JML: Maharashtra's rural populace is not unaware of the performative aspect of culture as it has a long tradition of theatre and films. However, how do they receive the performances prescribed within field of contemporary art?

SK: When compared to the other Indian states, the theatrical tradition in Maharashtra is probably one of the strongest. We have an illustrious tradition of experimental theatre and what happened in Pune was not new. Pranab’s performative response was more theatre and less performance art, as prescribed within the field of contemporary art. The difference between the two is not too wide and the two complement each other. 

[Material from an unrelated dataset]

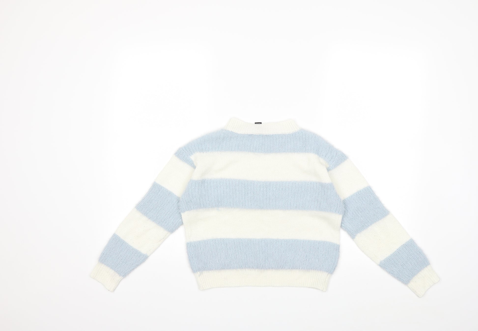 Girls White Striped Knit Pullover Jumper Size 9 Years
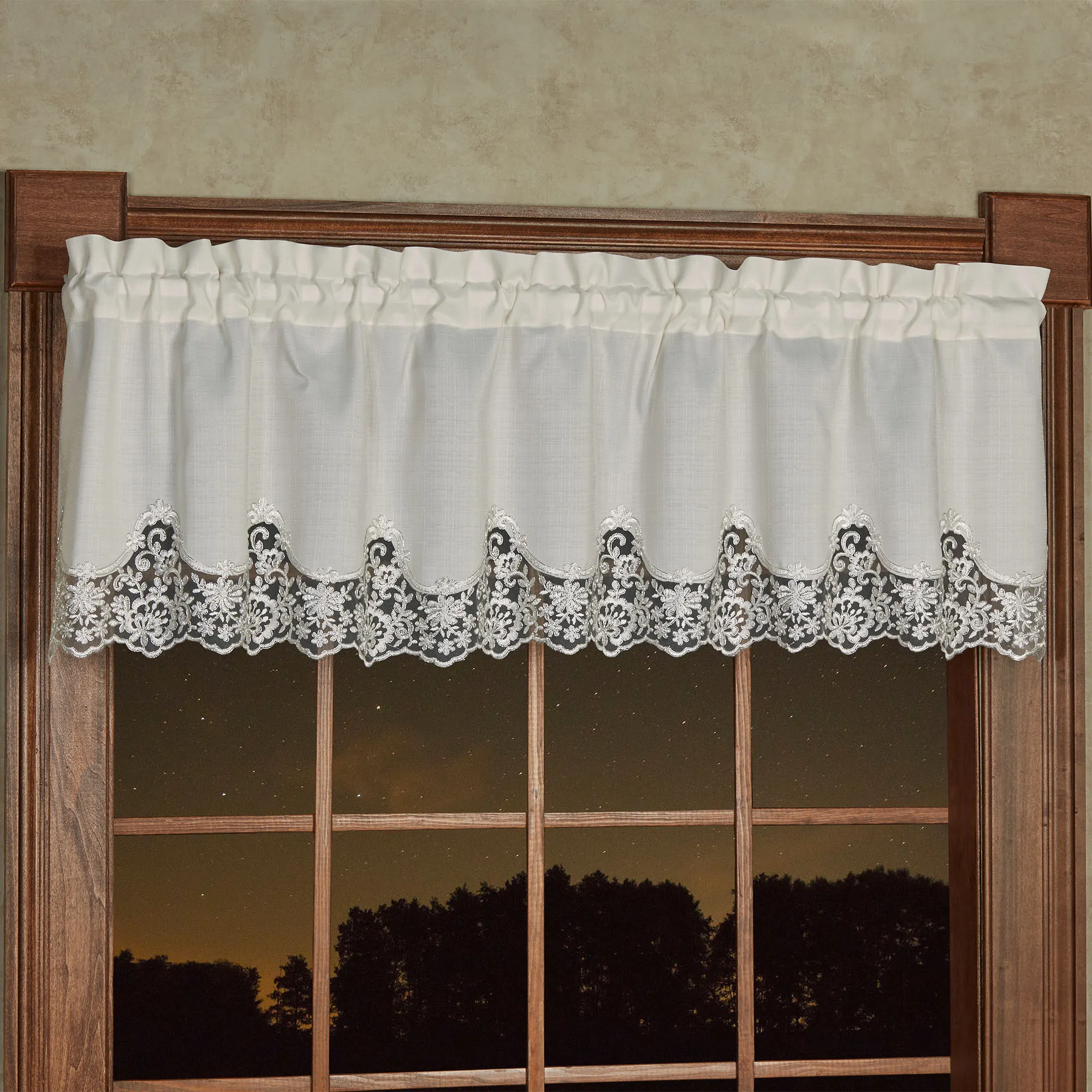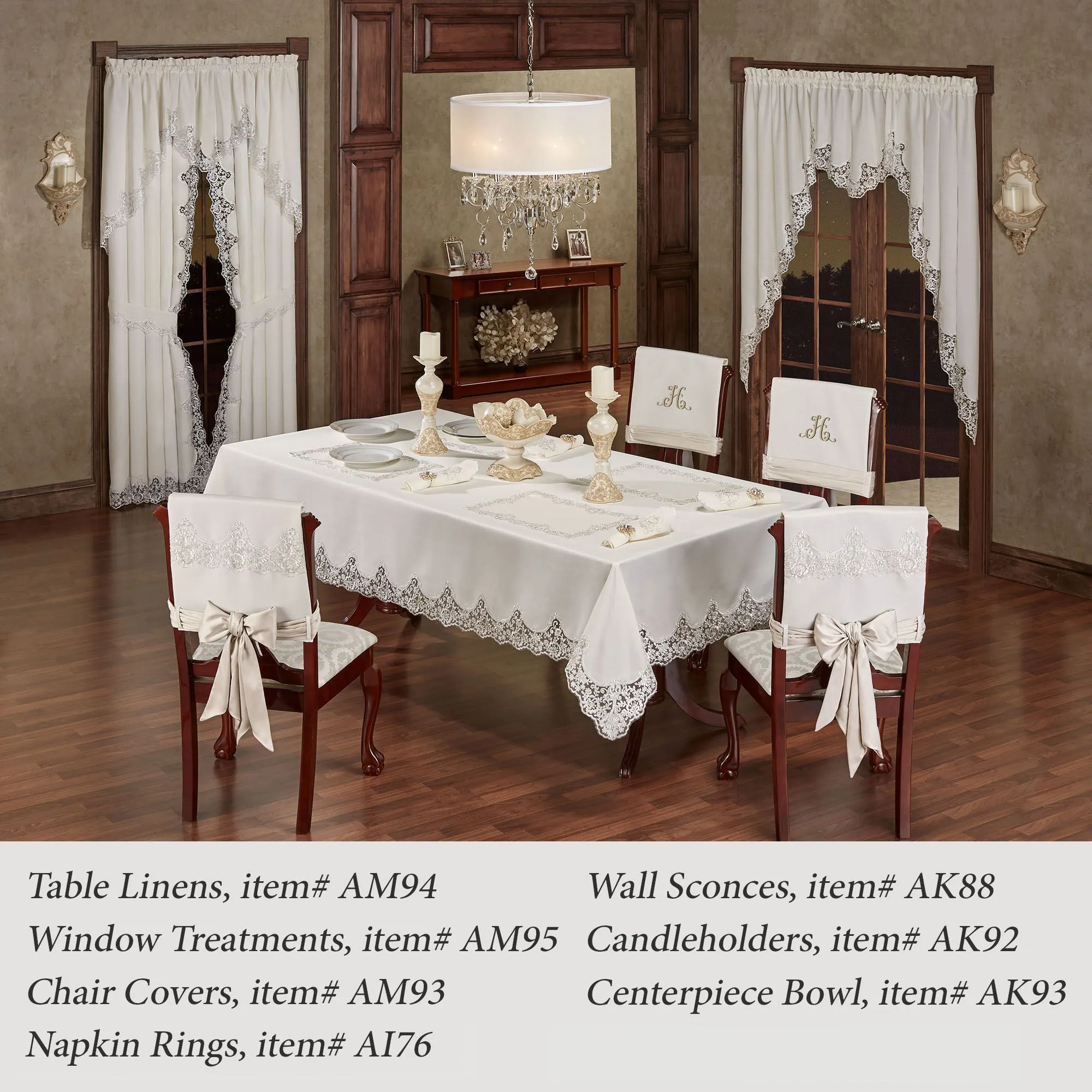 The Evangelina Window Treatment displays lavishly elegant splendor with a signature look. The ivory slubbed polyester window accents have beautifully finished, hand-cut contour edges fancied with silver floral lace. Rod pockets are 1.75". Specify Tailored Valance or Curtain Pair. Tailored Valance is 60"Wx14"L. Curtains include tiebacks and measure 84"W. Machine washable. Imported. The curtain pair width is the total width of two panels together.

In painting and sculpture the object constitutes the work, in performance art it’s the time, the space, the performer’s body and finally the relationship between the performer and the audience that constitutes the work. Experimental theatre has approached it in almost same manner where performance artists unconventionally often challenge the audience to think in new and unconventional ways about theatre and performing, break conventions of traditional performing arts, and break down conventional ideas about "what art is," similar to the postmodern art movement. Body art, action poetry, happenings and even therapy theatre are not new comers in Maharashtra. Even certain rural areas have theatre activity and audiences. 

JML: What are you going to do with Rx in the coming months?

SK: I am planning shows and related discussions in various towns and small cities, including Sangli, Kolhapur, Latur, Aurangabad, Nagpur and Nasik. I have received invitations from Baroda in Gujarat and Jaipur in Rajasthan as well. The endeavour is to take ‘Rx’ to more and more smaller towns. Over the next few months, I will be planning and executing these shows. I am also working towards a solo and some group shows. It’s going to be hectic.